Barak cancels Spain trip amid UNIFIL leadership crisis
Earlier this month PM Netanyahu asked Italy to remain in charge of UN Interim force in Lebanon.
Defense Minister Ehud Barak cancelled his scheduled visit to Madrid on Friday as tension grows between Israel and Spain due to a disagreement over the command of the United Nations Interim Force in Lebanon (UNIFIL).
A top ministry official denied that the trip was suspended as a result of the diplomatic disaccord and said that Barak's schedule has changed due to an unforeseen emergency trip to Washington next week.
The Israeli embassy in Madrid and Spanish diplomatic sources confirmed the suspension of the visit, which was scheduled for November 4 and 5.
Following the reported speculations Barak phoned the Spanish Foreign Minister and said that the reason for the trips' sudden cancellation was due to the fact that he will be joining the Prime Minister on his U.S. visit next week.
Ministry officials confirmed the conversation and said that his Spanish counterpart accepted the explanation gracefully.
Earlier this month Prime Minister Benjamin Netanyahu secretly asked Italian Prime Minister Silvio Berlusconi to keep his country in charge of the United Nations force in Lebanon rather than handing control to Spain as planned, causing chagrin in Madrid.
In making the request of Italy earlier this month, Netanyahu sided with the Israel Defense Forces' argument that Israel should make an effort to keep Italy's Major General Claudio Graziano in charge of the UN Interim Force in Lebonon for at least another six months beyond the scheduled end of his term in a few weeks.
The IDF said that though there was no problem with Spanish command of UNIFIL in general, the situation in Lebanon is very sensitive at this time and replacing the UNIFIL commander now is liable to cause difficulties in coordination and destabilize the situation.

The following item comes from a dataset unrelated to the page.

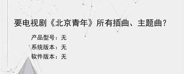 当前位置: 首页 > 生活问答 > 生活常识 > 要电视剧《北京青年》所有插曲、主题曲?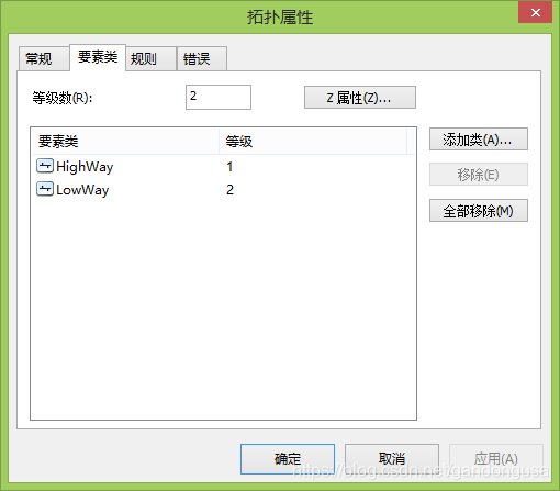 在【目录列表】中拓扑名称上右键单击,选择【属性】,打开【拓扑属性】对话框。在选项卡【要素类】和【规则】中进行要素类的修改和规则的修改。

The Foreign Ministry, however, said Israel should not get involved in the planned change in command, so as not to insult the major European countries that take part in UNIFIL - Italy, France and Spain, which are due to decide shortly who will be the next commander - and to avoid unnecessary friction. The ministry also said the issue involved a political struggle among the European countries that revolves around their international reputations and their roles in the Afghanistan war.

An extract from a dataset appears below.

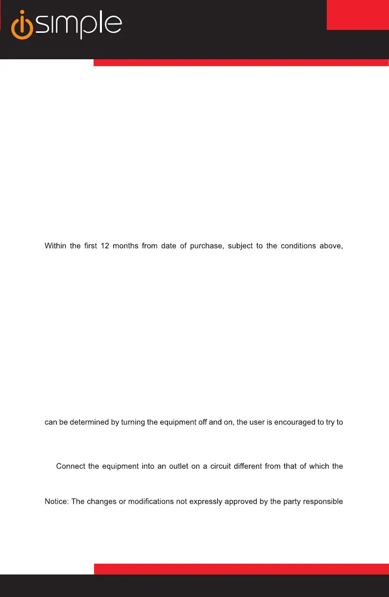 iSimple ® will repair or replace the product at our discretion, if it is defective in material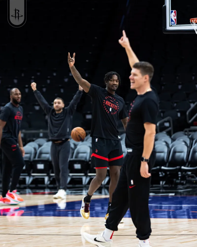 賽前,賽前火箭社媒曬出球員在賽前進(jìn)行踩場(chǎng)訓練的踩場(chǎng)瞬間,阿爾佩倫-申京等球員出鏡。訓練

A Spanish diplomat questioned Israel's argument, asking in a conversation with Haaretz: "What does a 'sensitive period in Lebanon' mean? When isn't there tension in Lebanon? What kind of argument is this?"
Spanish officials were also angered by the initial concealment of the conversation between Netanyahu and Berlusconi, a lack of coordination between the Prime Minister's Office and the Foreign Ministry and the wrong messages the Spanish government received.

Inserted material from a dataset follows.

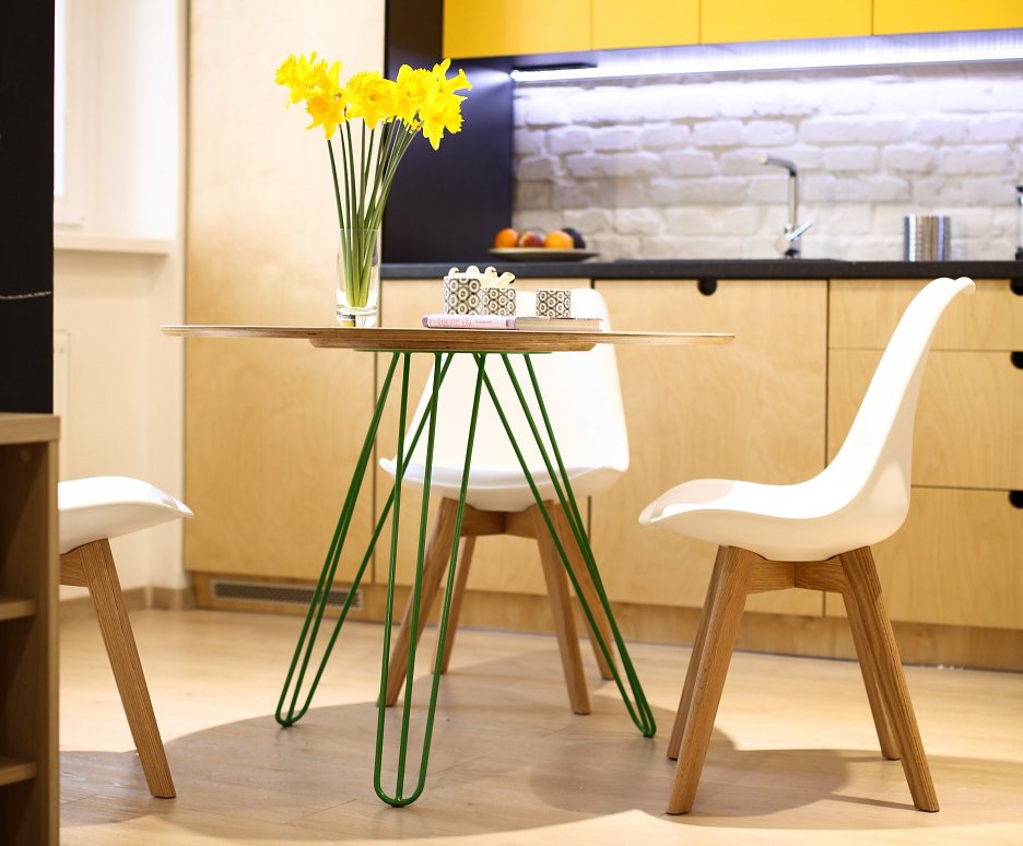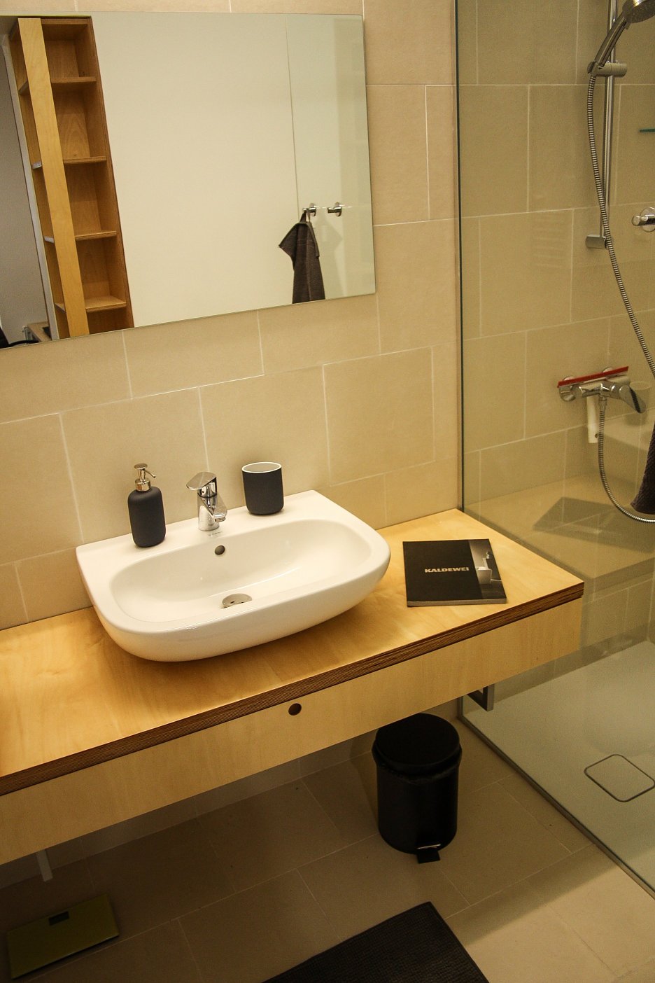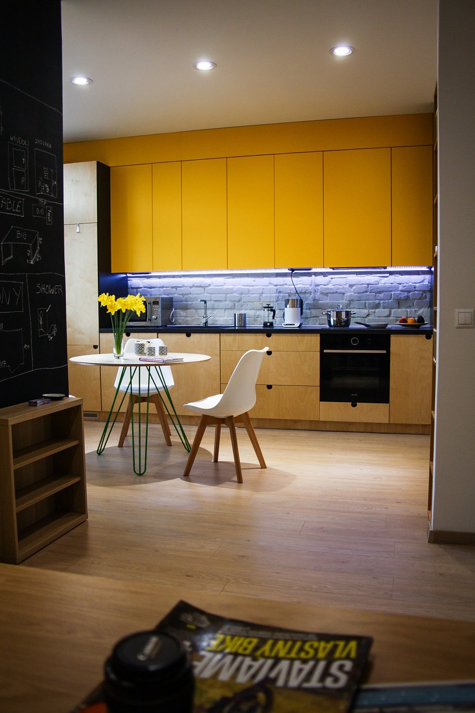 V materiálovom riešení prevláda stolárska preglejka, doplnená čiernou tabuľovou farbou, autentickou tehlovou stenou a ako akcent žltá laminovaná doska. V kuchyni sme tiež priznali pôvodnú tehlovú stenu a povýšili ju na nasvietenú industriálnu prezentáciu za čírym sklom.

Barak and Spanish leaders had been due to discuss issues including the command of the UNIFIL troops which include more than 2,000 Italian and about 1,100 Spanish troops.
Italian General Claudio Graziano is due to hand the command over to a Spanish general in early 2010.
Spanish media reports have claimed Italy wants to retain the command of the troops for longer than planned for reasons including Graziano's career interests.